[STUDY MATERIAL Boundary: Start]

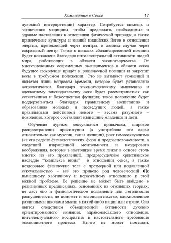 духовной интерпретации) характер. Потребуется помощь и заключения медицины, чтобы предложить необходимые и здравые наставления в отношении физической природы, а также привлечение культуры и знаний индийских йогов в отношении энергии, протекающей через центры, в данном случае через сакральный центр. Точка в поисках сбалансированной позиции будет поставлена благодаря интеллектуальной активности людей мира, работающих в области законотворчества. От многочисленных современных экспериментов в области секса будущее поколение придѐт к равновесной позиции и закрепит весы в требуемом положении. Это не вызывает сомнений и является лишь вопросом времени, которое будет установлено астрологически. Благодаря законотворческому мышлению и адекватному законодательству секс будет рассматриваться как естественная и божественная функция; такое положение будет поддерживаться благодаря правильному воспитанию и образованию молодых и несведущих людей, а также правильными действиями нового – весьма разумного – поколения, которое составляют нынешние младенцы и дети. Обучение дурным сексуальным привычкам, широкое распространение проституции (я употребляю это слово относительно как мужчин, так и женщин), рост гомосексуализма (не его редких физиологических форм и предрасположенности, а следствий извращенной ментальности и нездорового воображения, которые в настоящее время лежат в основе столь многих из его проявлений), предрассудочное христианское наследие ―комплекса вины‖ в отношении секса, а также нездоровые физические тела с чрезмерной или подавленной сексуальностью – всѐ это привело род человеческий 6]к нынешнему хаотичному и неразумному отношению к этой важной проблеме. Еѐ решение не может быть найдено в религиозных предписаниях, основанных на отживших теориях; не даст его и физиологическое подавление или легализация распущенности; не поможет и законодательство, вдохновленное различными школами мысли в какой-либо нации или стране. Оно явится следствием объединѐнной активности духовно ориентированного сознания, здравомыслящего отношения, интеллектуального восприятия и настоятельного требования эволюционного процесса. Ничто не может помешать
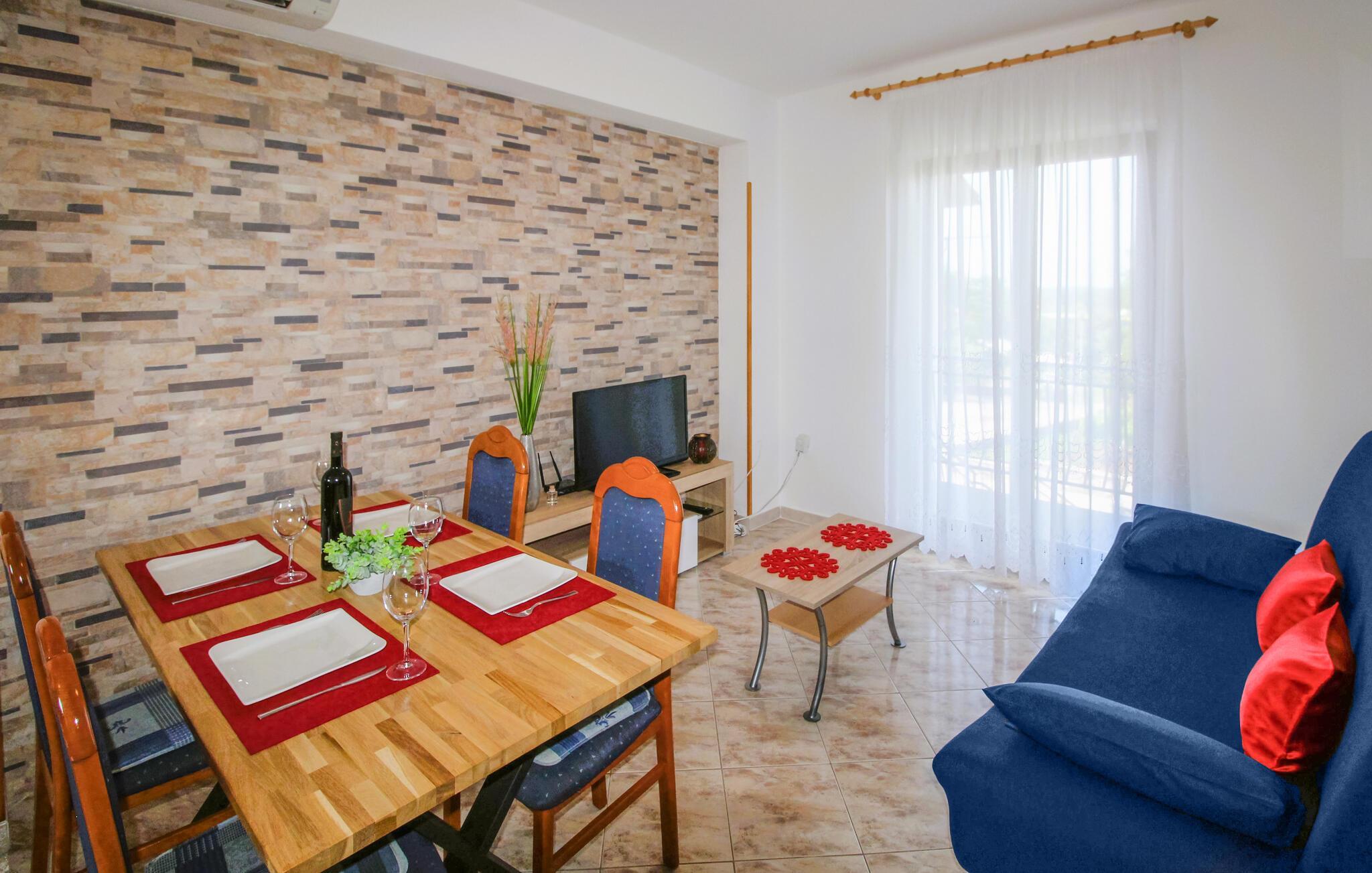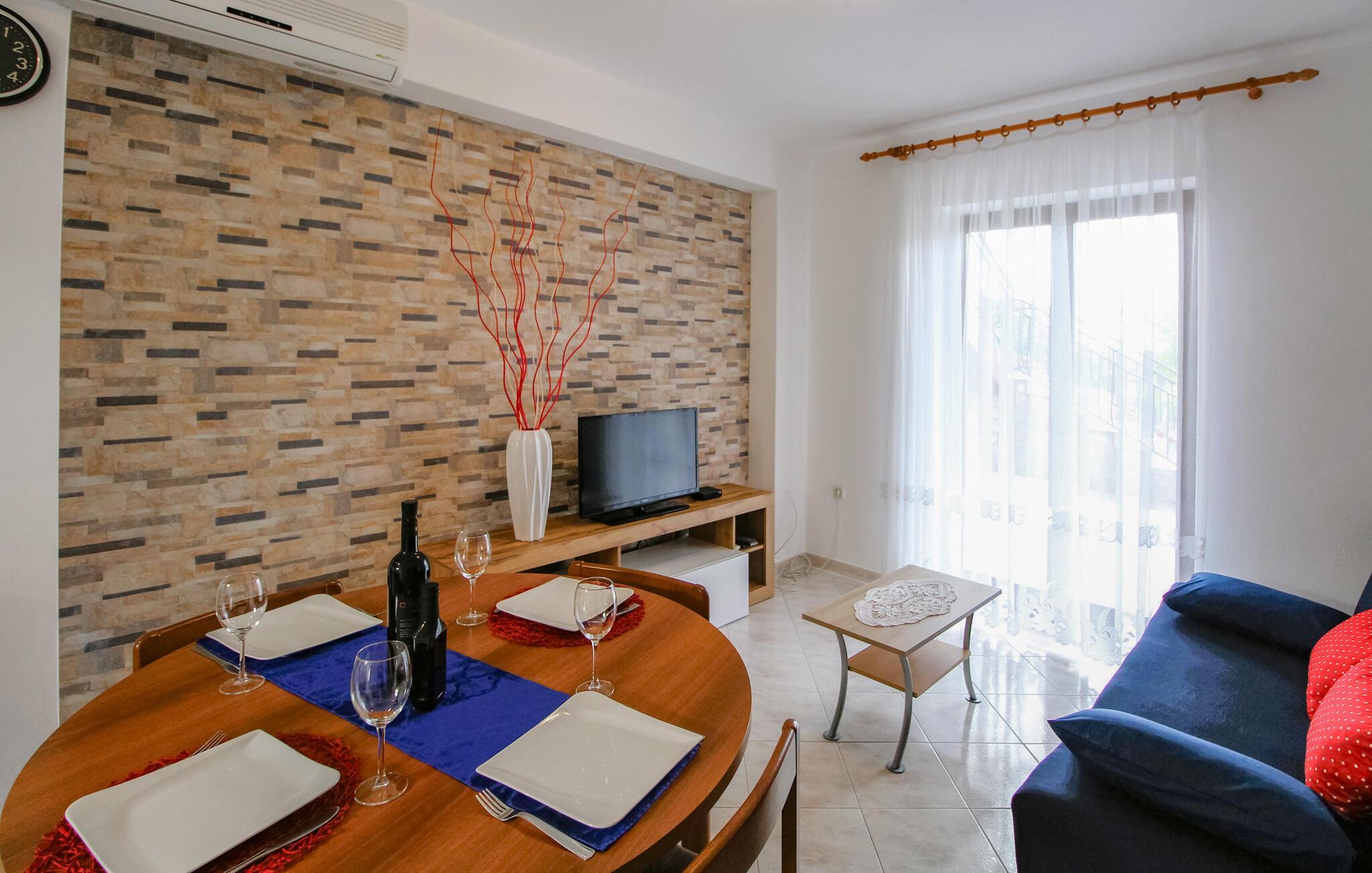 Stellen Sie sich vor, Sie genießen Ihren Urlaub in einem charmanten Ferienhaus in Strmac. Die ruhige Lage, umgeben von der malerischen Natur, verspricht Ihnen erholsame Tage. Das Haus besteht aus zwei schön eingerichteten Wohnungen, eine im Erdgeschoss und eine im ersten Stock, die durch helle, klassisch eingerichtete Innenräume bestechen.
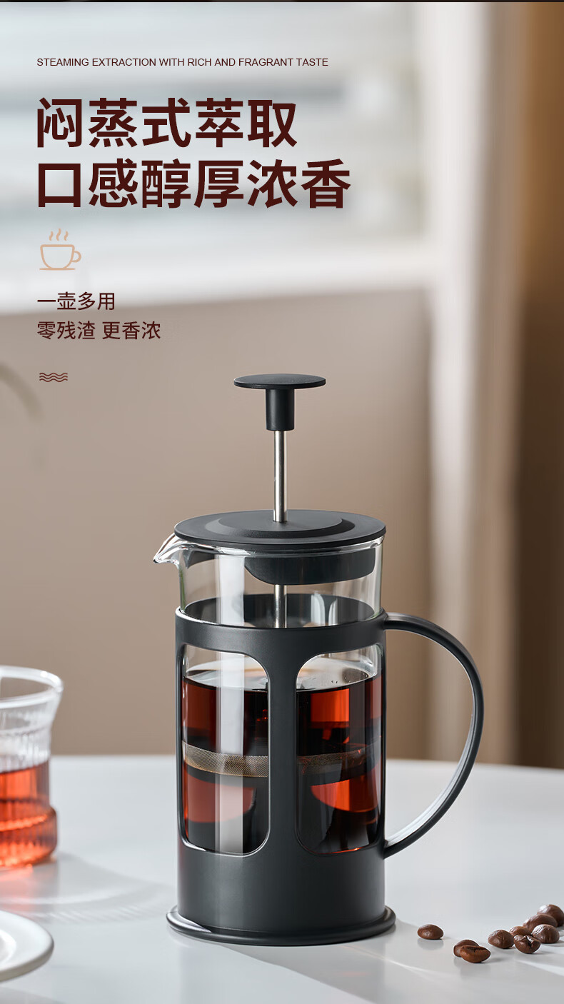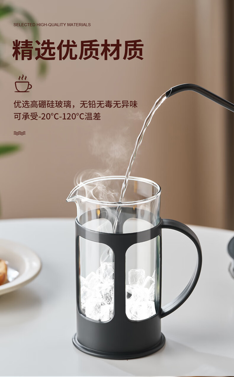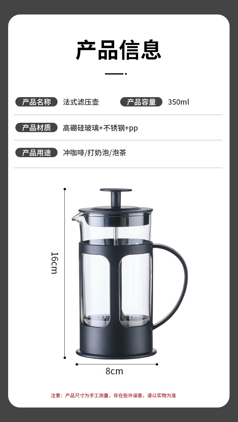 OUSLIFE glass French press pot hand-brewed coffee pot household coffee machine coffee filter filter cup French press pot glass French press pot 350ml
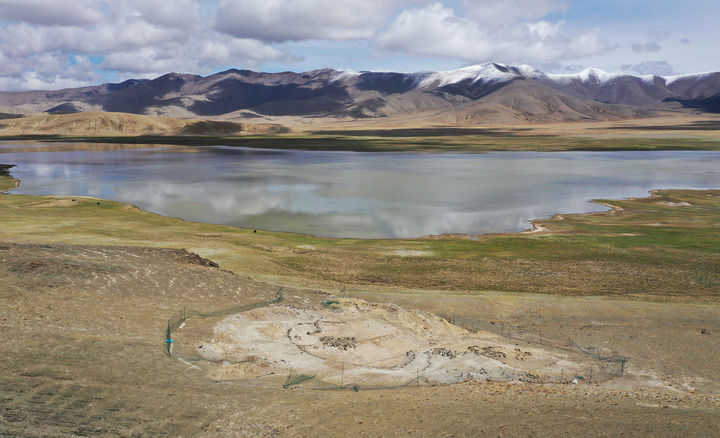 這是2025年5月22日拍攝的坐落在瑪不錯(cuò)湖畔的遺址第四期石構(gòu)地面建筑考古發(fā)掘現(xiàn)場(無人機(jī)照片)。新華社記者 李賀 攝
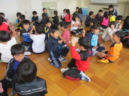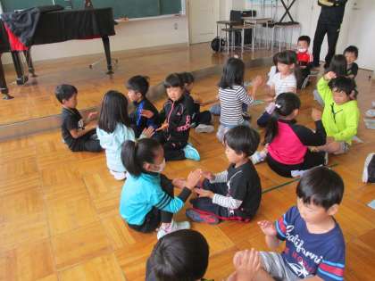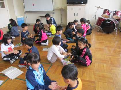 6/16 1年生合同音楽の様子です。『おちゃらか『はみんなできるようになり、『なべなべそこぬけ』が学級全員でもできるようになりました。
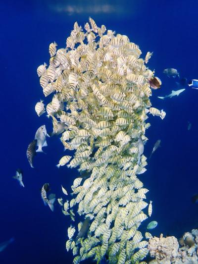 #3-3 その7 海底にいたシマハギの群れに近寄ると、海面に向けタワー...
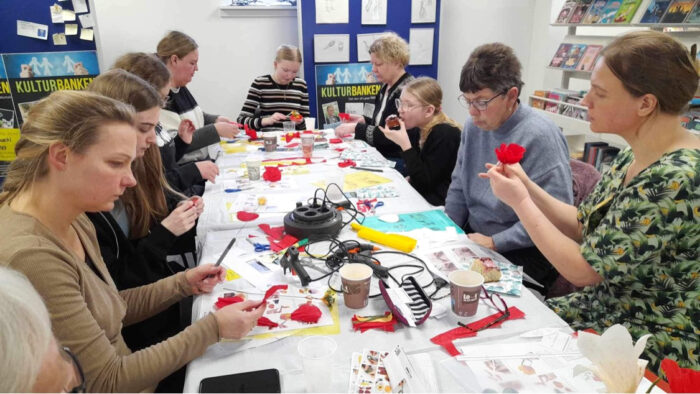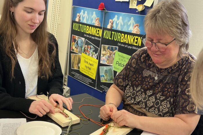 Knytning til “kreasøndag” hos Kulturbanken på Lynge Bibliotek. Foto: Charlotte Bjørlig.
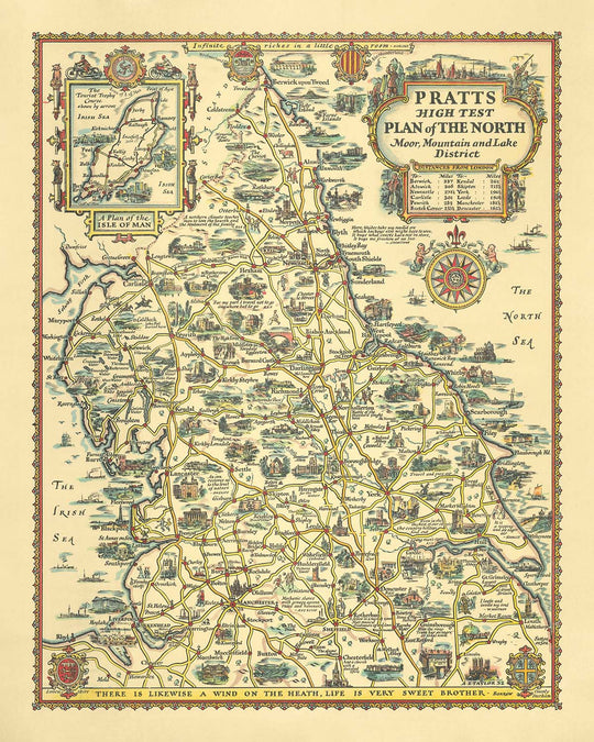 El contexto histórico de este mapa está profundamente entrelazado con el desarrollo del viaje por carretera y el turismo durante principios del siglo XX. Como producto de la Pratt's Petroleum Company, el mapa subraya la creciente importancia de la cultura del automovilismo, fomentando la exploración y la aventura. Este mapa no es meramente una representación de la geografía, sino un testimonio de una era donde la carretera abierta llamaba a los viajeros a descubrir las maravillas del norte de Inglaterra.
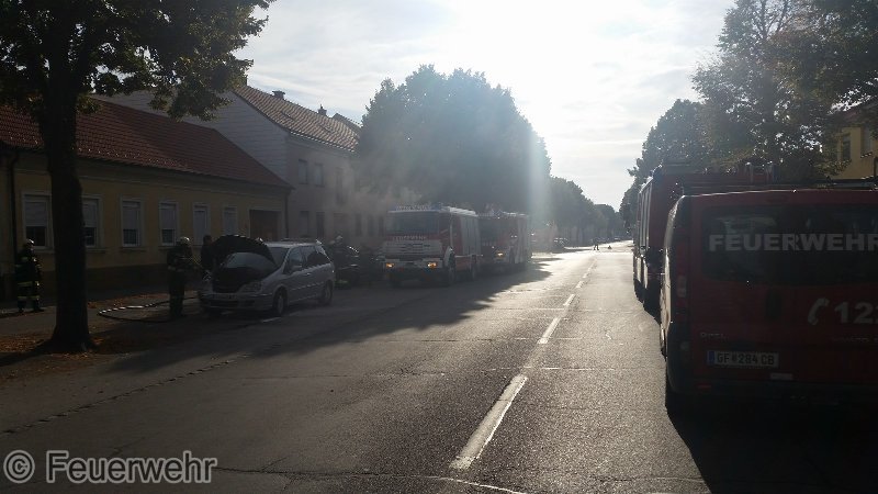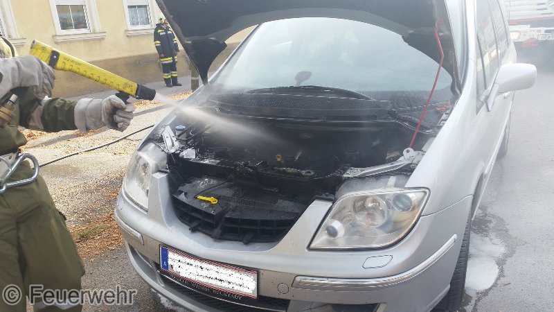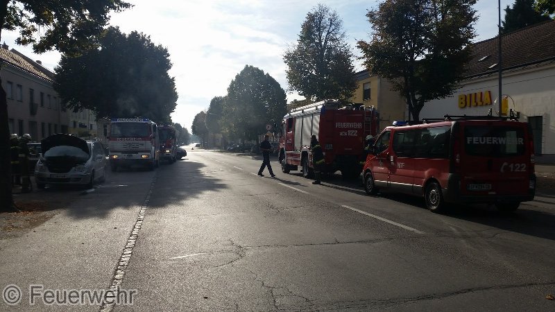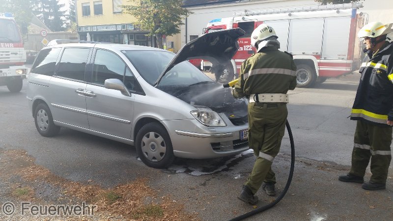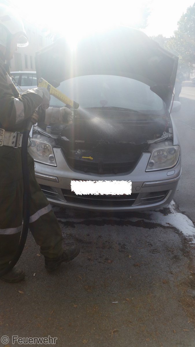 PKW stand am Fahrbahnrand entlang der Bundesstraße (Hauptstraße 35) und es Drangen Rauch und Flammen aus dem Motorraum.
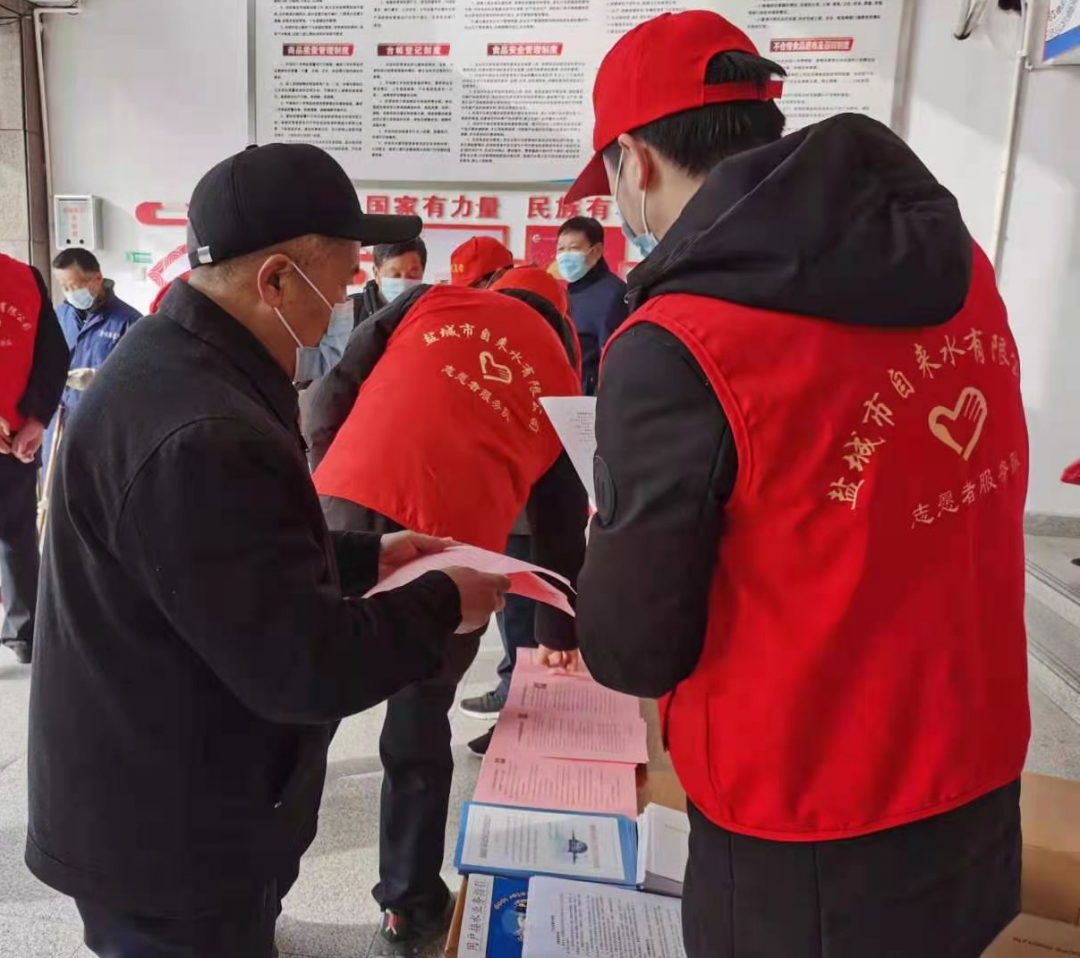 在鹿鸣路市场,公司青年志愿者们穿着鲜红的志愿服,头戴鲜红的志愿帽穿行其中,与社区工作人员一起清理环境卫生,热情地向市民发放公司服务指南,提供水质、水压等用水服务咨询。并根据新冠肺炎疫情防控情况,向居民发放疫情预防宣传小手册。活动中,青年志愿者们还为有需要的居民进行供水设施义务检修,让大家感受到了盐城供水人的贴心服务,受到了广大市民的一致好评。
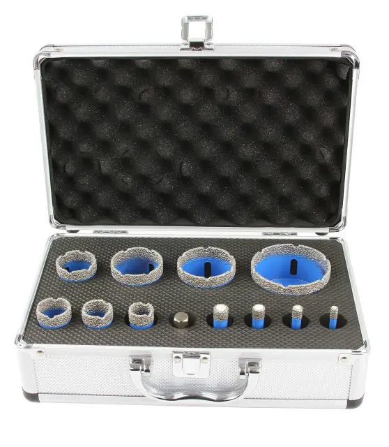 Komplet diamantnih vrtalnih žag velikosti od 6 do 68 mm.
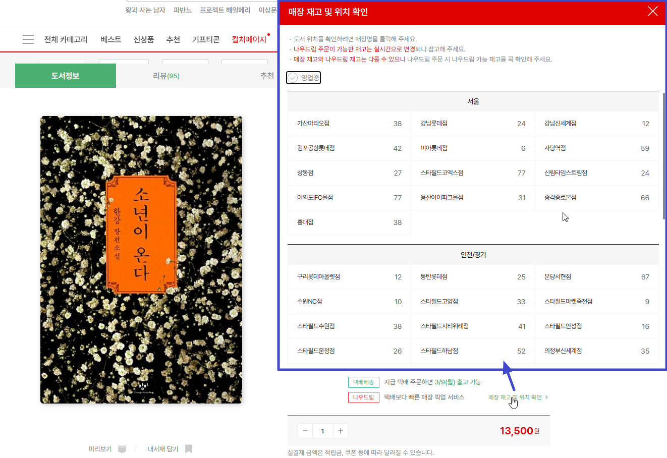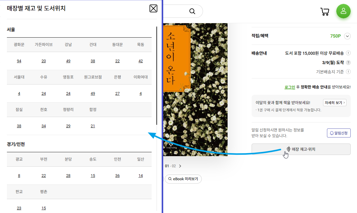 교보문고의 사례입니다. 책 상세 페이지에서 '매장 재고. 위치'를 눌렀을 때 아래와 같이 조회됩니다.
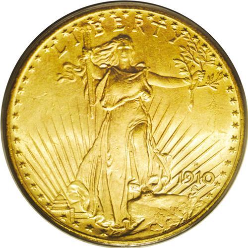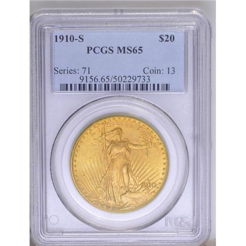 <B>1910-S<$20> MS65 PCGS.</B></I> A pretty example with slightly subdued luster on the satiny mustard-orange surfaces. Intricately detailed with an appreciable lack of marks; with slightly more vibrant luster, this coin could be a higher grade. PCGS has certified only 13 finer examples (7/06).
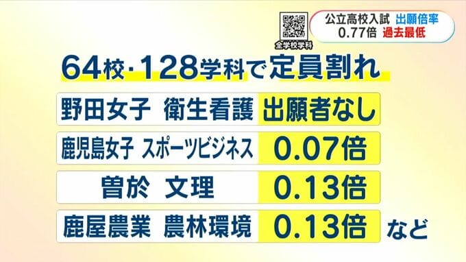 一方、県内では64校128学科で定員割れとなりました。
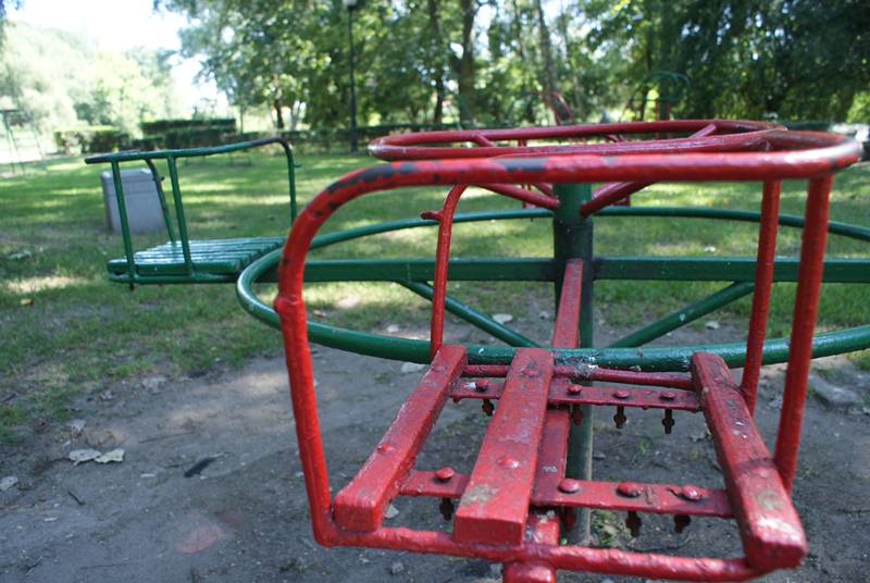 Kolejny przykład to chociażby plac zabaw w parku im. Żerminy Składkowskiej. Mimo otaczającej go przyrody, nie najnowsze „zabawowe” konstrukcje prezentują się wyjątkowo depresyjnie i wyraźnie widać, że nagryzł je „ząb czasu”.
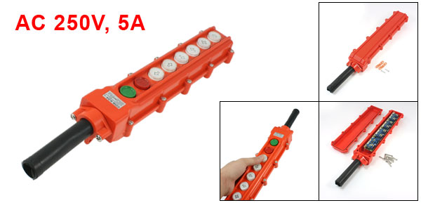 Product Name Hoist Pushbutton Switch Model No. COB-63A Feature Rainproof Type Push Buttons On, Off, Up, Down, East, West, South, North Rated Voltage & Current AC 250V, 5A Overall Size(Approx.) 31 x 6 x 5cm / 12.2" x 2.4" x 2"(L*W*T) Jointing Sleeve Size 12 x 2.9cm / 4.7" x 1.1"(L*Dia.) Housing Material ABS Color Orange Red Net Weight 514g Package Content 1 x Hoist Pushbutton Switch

[STUDY MATERIAL Boundary: End]

*THE TASK*
Starting at the line containing "PKW stand am" and finishing at the line containing "一方、県内では64校128学科で定員割れとなりました。", return those lines exactly as they appear above, without the pictures.

*SOLUTION*
 PKW stand am Fahrbahnrand entlang der Bundesstraße (Hauptstraße 35) und es Drangen Rauch und Flammen aus dem Motorraum.
 在鹿鸣路市场,公司青年志愿者们穿着鲜红的志愿服,头戴鲜红的志愿帽穿行其中,与社区工作人员一起清理环境卫生,热情地向市民发放公司服务指南,提供水质、水压等用水服务咨询。并根据新冠肺炎疫情防控情况,向居民发放疫情预防宣传小手册。活动中,青年志愿者们还为有需要的居民进行供水设施义务检修,让大家感受到了盐城供水人的贴心服务,受到了广大市民的一致好评。
 Komplet diamantnih vrtalnih žag velikosti od 6 do 68 mm.
 교보문고의 사례입니다. 책 상세 페이지에서 '매장 재고. 위치'를 눌렀을 때 아래와 같이 조회됩니다.
 <B>1910-S<$20> MS65 PCGS.</B></I> A pretty example with slightly subdued luster on the satiny mustard-orange surfaces. Intricately detailed with an appreciable lack of marks; with slightly more vibrant luster, this coin could be a higher grade. PCGS has certified only 13 finer examples (7/06).
 一方、県内では64校128学科で定員割れとなりました。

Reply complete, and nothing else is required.